Para Eduarda, um Haiti mais maduro, que não é mais uma ameaça tão grande para a paz e segurança internacionais, aliado à "fadiga" dos membros do conselho com o impasse político, foram fatores determinantes para as decisões. "Os doadores internacionais já estão cansados de esperar o Haiti fazer eleições e caminhar com as próprias pernas", afirmou.

Depois de mais de três anos com eleições presidenciais, legislativas e municipais atrasadas e com seu então presidente Michel Martelly governando sob decreto, o país conseguiu realizar a primeira rodada do pleito em outubro de 2015, quando 105 partidos se cadastraram no Conselho Eleitoral Provisório (CEP) para a disputa. No entanto, o resultado foi anulado após várias acusações de fraudes no processo.

Brasil, Estados Unidos, Canadá, Japão e União Europeia haviam contribuído com doações em dinheiro para o fundo eleitoral haitiano. Em junho, após o CEP confirmar que repetiria as eleições, a União Europeia respondeu tirando sua missão de observação eleitoral do país.

Atualmente, o Haiti vive sob o governo de Jocelerme Privert, presidente do Senado, que desde junho, quando seus 120 dias de mandato interino venceram, despacha sem autorização expressa do Congresso.

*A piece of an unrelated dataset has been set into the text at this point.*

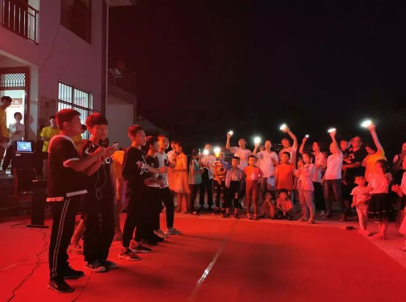 夜色笼罩下的蒲陈村党员活动室广场聚满了前来观看节目的村民,各位实践队员和孩子们一同表演朗诵、独唱、舞蹈、绕口令等各种形式的节目。苟乐乐等八位小朋友“现学现用”,表演了脱贫攻坚为主题的《拍手歌》;实践队员周昱含与六位小朋友带来舞蹈《咖喱咖喱》,孩子们看着开朗的领舞老师,也都跟着大胆跳起了舞;王冬阳等八位实践队员演唱的歌曲《老男孩》引起全场观众一同合唱;全体小朋友一同朗诵散文《少年中国说》后,艺术节落下帷幕。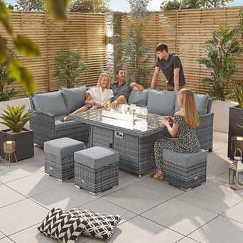 Nova Cambridge Corner Dining Set Fire Pit Table Left Hand Grey

Com os estragos do furacão, o pleito que aconteceria em 9 de outubro foi reagendado para 20 de novembro.

Ricardo Seitenfus, representante da Organização dos Estados Americanos (OEA) no Haiti entre 2009 e 2011, diz que só houve uma renovação de seis meses justamente porque não aconteceram as eleições. "Há uma vontade expressa dos países membros do Conselho de Segurança de encerrar a Minustah."

Seitenfus considera que o elemento crucial da situação é a crise política, que não foi devidamente trabalhada pela Minustah, pelos diferentes representantes do secretário-geral e por seus conselheiros. "A comunidade internacional não conseguiu fazer com que houvesse um acordo entre os atores políticos haitianos - nunca houve -, um sistema eleitoral confiável e dotar o conselho eleitoral de autonomia financeira e política", afirma.

Apesar da Minustah apoiar o processo eleitoral democrático, respeitando a soberania do Haiti, o país deve ser o responsável por realizar seus sistemas de votação. Para o alemão Kai Michael Kenkel, especialista em operações de paz, a ONU e outras parcelas da comunidade internacional não conseguem há mais de 20 anos - somando missões anteriores - mudar e criar um quadro político sustentável por não contar com o interesse do governo e das elites. "O esforço da ONU e dos outros doadores ficará sem efeito até surgir uma verdadeira cooperação dos responsáveis haitianos", afirmou Kenkel. O general Augusto Heleno Ribeiro, primeiro-comandante da Minustah, analisa que a missão tem êxito em seu braço militar, que permite a criação de um ambiente seguro e estável. No entanto, que o maior entrave é não ter um departamento que desenvolva no país projetos que o ajudem a sair da situação política e econômica na qual vive. "[A ONU] impõe a paz, que é o caso do Haiti, depois fica patinando na sua própria ineficiência. Sem um órgão dentro da missão que crie um clima de desenvolvimento no país, vão ficar patinando", pontuou Heleno.